Emacs
Add Emacs as a messaging channel. Chat with your agent from org-mode buffers over a local HTTP bridge.
What it does
- Chat with NanoClaw from an Emacs buffer
- Send org-mode content, code regions, and plain text
- Local HTTP bridge — no bot token or external service needed
- Works with Doom Emacs, Spacemacs, and vanilla Emacs
- Schedule tasks and capture research from within your editor
What you'll need
- NanoClaw installed and running
- Emacs 27+ (Doom, Spacemacs, or vanilla)
Install
/add-emacs How it works
The /add-emacs skill turns Emacs into a NanoClaw channel using a local HTTP bridge. There’s no cloud service or bot token involved — the Emacs client talks to NanoClaw over localhost, making it a zero-dependency integration for people who already live in Emacs.
The skill applies the EmacsBridgeChannel class through the skills engine and installs an elisp package that provides the Emacs-side commands. Once set up, you get a dedicated chat buffer where you can send messages, paste org-mode content, select code regions for review, and receive responses inline.
Setup
The skill runs in four phases:
- Code changes — merges the Emacs channel implementation from the upstream skill branch. This adds the HTTP bridge server, the channel class, tests, and the elisp package.

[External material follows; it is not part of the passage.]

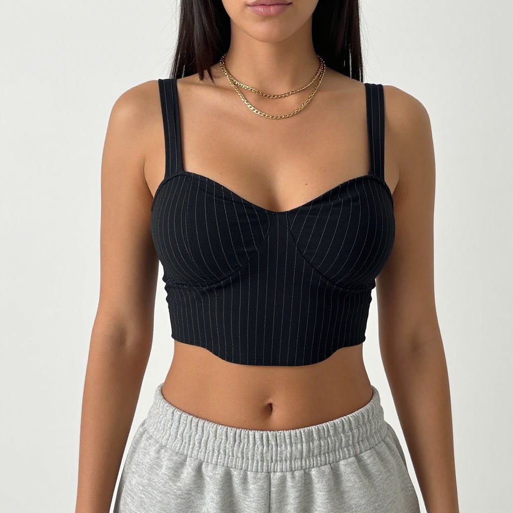 Photograph of a young woman with straight, black hair, shown from the waist up. She wears a black, pinstriped, spaghetti-strap crop top that highlights her medium-sized breasts. She also wears light gray, drawstring sweatpants that sit just below her navel. Around her neck is a gold chain necklace. Her skin tone is light brown, and her lips are slightly parted, showing a hint of pink lipstick. The background is plain white, making her the focal point of the image. The image has a clean, polished look with sharp focus and vibrant colors.

- Environment — configures the bridge port (default
8766) and an optional auth token. The auth token is recommended if your machine is shared or on a network. - Emacs config — installs the elisp package. The skill detects your Emacs flavor and gives you the right config snippet for Doom (
packages.el+config.el), Spacemacs (dotspacemacs-additional-packages), or vanilla (use-packageorload-path). - Verification — tests the HTTP endpoint and confirms Emacs can reach it.
What you can do
Once connected, the Emacs integration supports several workflows:
- Chat buffer — open a dedicated
*nanoclaw*buffer and have a conversation, just like a messaging app. - Code review — select a region in any buffer and send it to the agent for review, explanation, or refactoring suggestions.
- Org-mode integration — send org headings, tables, or entire subtrees as context. Useful for meeting notes, draft writing, or structured research.
- Task scheduling — ask the agent to schedule tasks or reminders directly from the chat buffer.
Tips
- The HTTP bridge binds to
localhostby default, so it’s not exposed to the network. If you need remote access (e.g., Emacs running on a different machine via TRAMP), you’ll need to adjust the bind address. - Set
EMACS_AUTH_TOKENto a random string if you want an extra layer of security on the bridge endpoint. - The elisp package is self-contained — it doesn’t pull in external dependencies. If you prefer, you can copy the
.elfile manually instead of using the automated config step. - Emacs runs alongside other channels. You can have WhatsApp, Telegram, and Emacs all connected at the same time, each with its own group context.